Nick Cave era già con un piede fuori dalla porta di casa per il tour imminente quando la pandemia ha fermato tutto. Dopo l’iniziale senso di colpa ha tirato un respiro di sollievo: per lui si è aperto un tempo non più scandito da partenze e ritorni e ha sentito una specie di euforia, un’energia folle, un senso di possibilità nato dall’impotenza, in sostanza una liberazione.
A marzo 2020 lui e il giornalista, amico di lunga data, Seán O’Hagan hanno iniziato a telefonarsi: parlavano di questioni esistenziali, dell’arte della canzone, dell’evoluzione e della visione artistica di Nick Cave, tornando sempre al nocciolo incandescente della catastrofe e del cambiamento, sia personale sia universale. Le conversazioni sono continuate anche quando l’attività di Cave è ripresa con i consueti ritmi forsennati. Fede, Speranza e Carneficina (La Nave di Teseo, traduzione di Chiara Spaziani) è una confessione intima e lucida, in cui Cave non si tira mai indietro, nemmeno da quel buco nero che è stato la morte del figlio Arthur nel luglio del 2015, l’evento spartiacque da cui lui e la moglie Susie si sono salvati a vicenda, fino a potersi dire oggi precariamente felici.
CONCEPITO da parte di O’Hagan sul modello delle grandi interviste della «Paris Review», il libro parla molto di religione e spiritualità, di come Nick Cave lavora alle sue canzoni ormai sempre più astratte («Vivere la mia vita dentro una narrazione precisa non aveva più molto senso. Arthur è morto e tutto è cambiato. Quel senso di interruzione ha pervaso ogni cosa»), dell’ansia di iniziare un nuovo disco (evento che programma mettendo la data in agenda), della collaborazione con Warren Ellis, di Anita Lane («Era la più brava tra quelli davvero bravi e meritava di meglio dalla vita»), del rapporto con la moglie («Io e Susie siamo legati essenzialmente dall’amore e dalla catastrofe, ma c’è anche il progetto condiviso del lutto»), delle grandi separazioni artistiche (Mick Harvey, a cui chiede scusa, e Blixa Bargeld, che lo spiazzò con la sua rottura improvvisa), di Ghosteen e Carnage (gli ultimi due album), di come la perdita del figlio non sia un tema ma una condizione.
La salvezza è nel linguaggio: «Per essere costretto a soffrire pubblicamente, dovevo trovare un modo di pronunciare ciò che era successo. Trovare il linguaggio è stato, per me, la via di uscita. C’è una grande lacuna nella lingua che circonda il lutto. È qualcosa a cui non siamo abituati come società, perché è troppo difficile da esprimere e ancora di più da ascoltare. Così tante persone in lutto rimangono in silenzio, intrappolate nei loro pensieri segreti e nelle loro menti, e come unica compagnia hanno proprio coloro che sono morti».

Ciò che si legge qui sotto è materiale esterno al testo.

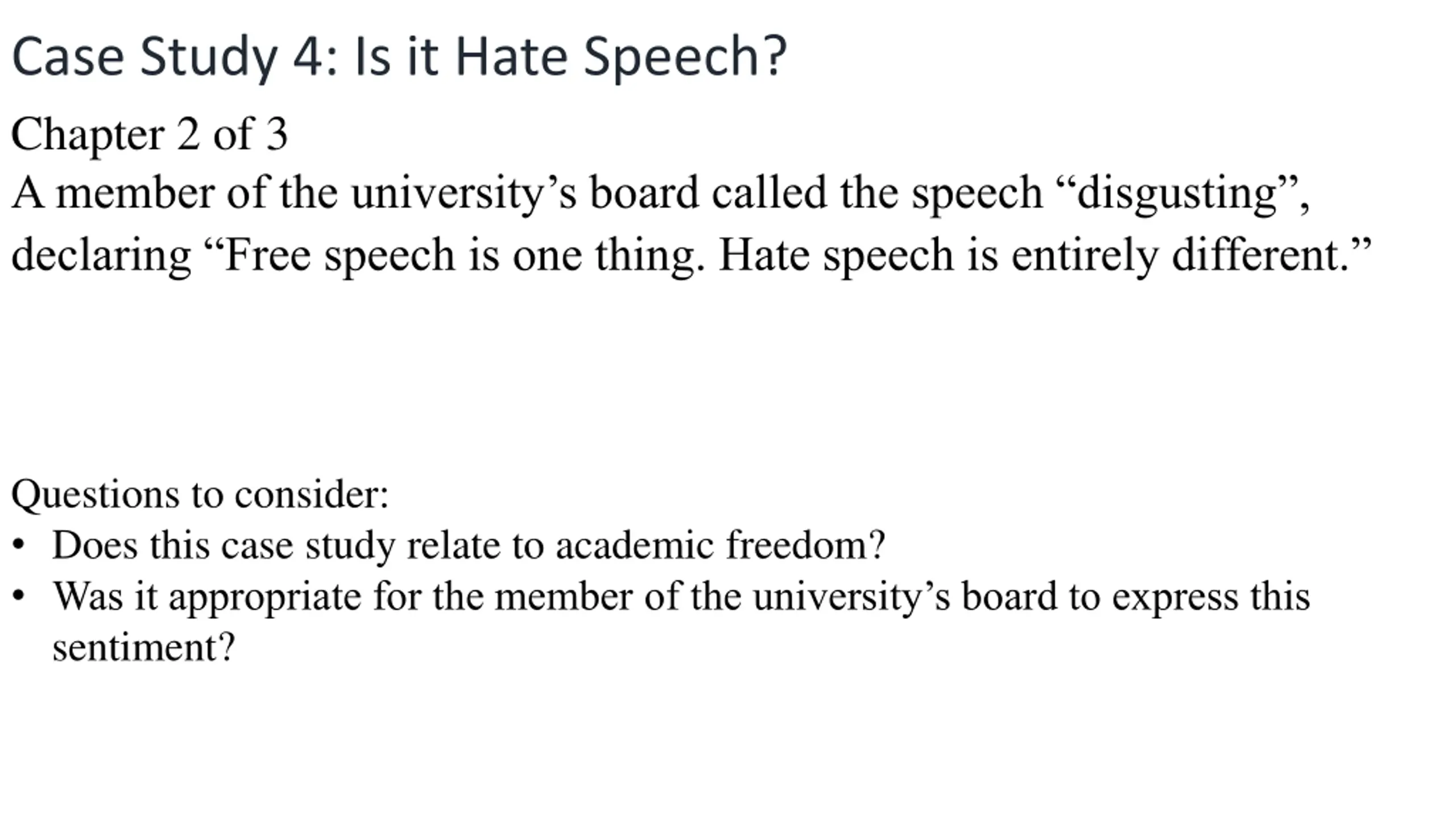 Case Study 4: Is it Hate Speech? Chapter 2 of 3 A member of the university s board called the speech disgusting , declaring Free speech is one thing. Hate speech is entirely different. Questions to consider: Does this case study relate to academic freedom? Was it appropriate for the member of the university s board to express this sentiment?

La domanda più frequente che arriva al suo sito «The Red Hand Files» riguarda il dopo: andrà meglio? La risposta è sì. «Il lutto è un luogo comune ordinario come l’amore», dice Cave, un viaggio nell’oscurità da cui si torna portando con sé il sapere, che è anche un’energia ribelle, sprezzante – non cinismo e arroganza – nei confronti della morte e del dolore, perché niente potrà più farti tanto male quanto la morte di un figlio (a parte la morte di un secondo figlio: Jethro, il primogenito, è scomparso a 31 anni nel maggio di quest’anno).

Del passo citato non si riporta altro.